### SUPPLIED RECORDS

──────────────────────────────

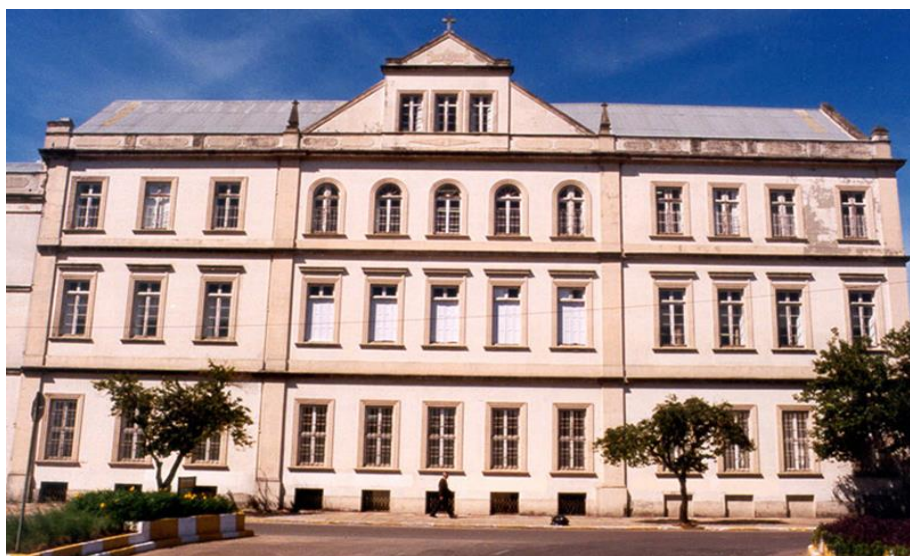
Fotografia 1 - Antiga sede da Unisinos
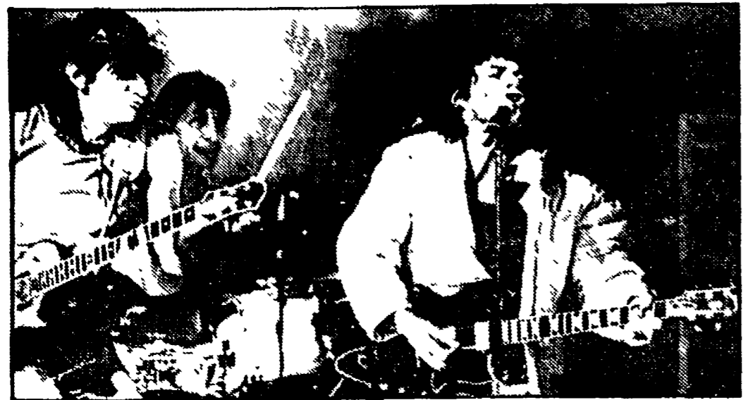
Guerra a Firenze a colpi di partito per il concerto di luglio. Caduta la tappa romana, la DC esorcizza gli «invasori dal Centro-Sud»
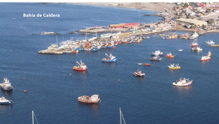
Bahía de Caldera

En el caso de la región de Atacama, los incas habrían puesto su interés específicamente en el valle de Copiapó, apreciando su gran potencial minero y la evidente posición estratégica para establecer la dominación en la zona y luego extenderse hacia Chile central. La dominación del valle de Copiapó no habría sido
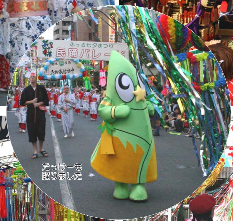
たっけーも踊りました
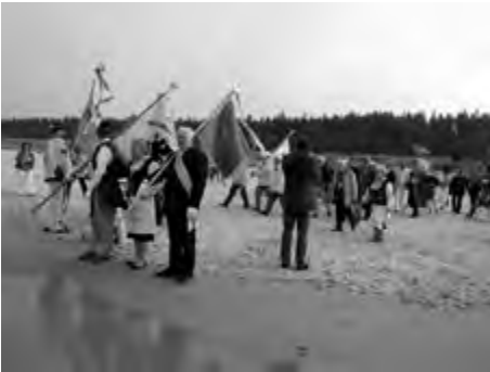
Dębki 2014 r.
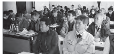
午前中は施工説明の座学
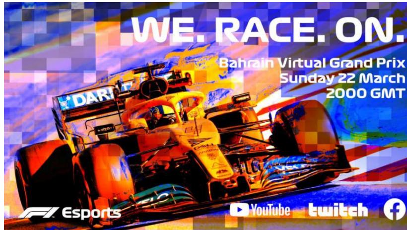
Slika 8. Promotivni plakat F1 EVGP događaja iz 2020. godine
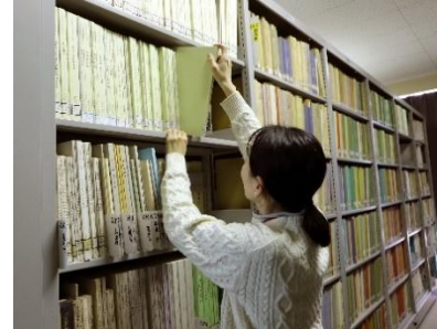
図書等の収集・受入れ・整備
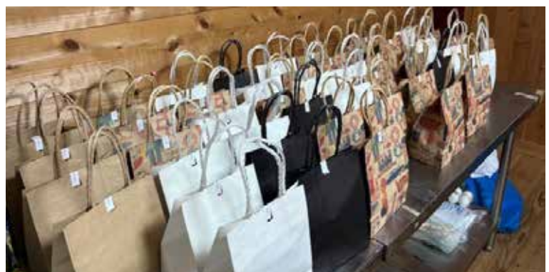
記念事業 / しののめ共同作業所 お菓子詰め合わせ (記念品配布用)
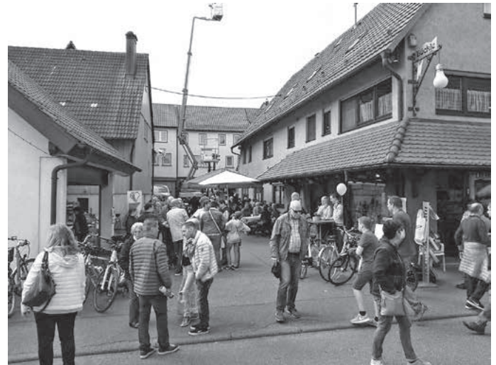
Auch im Hof der Fa. Böckle war einiges geboten.

Ein Angebot an Schmuck und Informationen zur richtigen Fußpflege rundeten das Angebot ab. (Text: Ines Schmiedel, HGV u. bma)
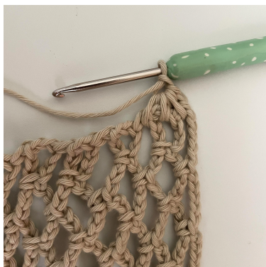
Billedet viser begyndelsen af Række 1.

Række 1 (RS): Du skal nu hækle ned ad siderne. Drej arbejdet 90 grader. Du skal nu hækle omkring hver bue. 1 LM, FM i første 5-LM-BUE *(3 HSTGM SM, 1 LM). GENT fra *( ) rækken hen. FM i sidste. VEND. (20 M)
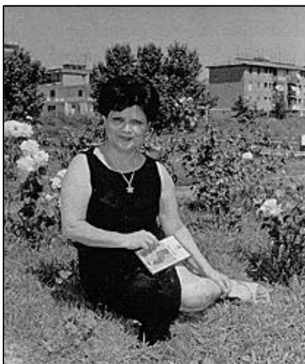
Copertina del libro

──────────────────────────────

### TASK ITEM
What lines above contain the word "Række"? Return each such line.

### ANSWER TO THIS PROBLEM
Billedet viser begyndelsen af Række 1.
Række 1 (RS): Du skal nu hækle ned ad siderne. Drej arbejdet 90 grader. Du skal nu hækle omkring hver bue. 1 LM, FM i første 5-LM-BUE *(3 HSTGM SM, 1 LM). GENT fra *( ) rækken hen. FM i sidste. VEND. (20 M)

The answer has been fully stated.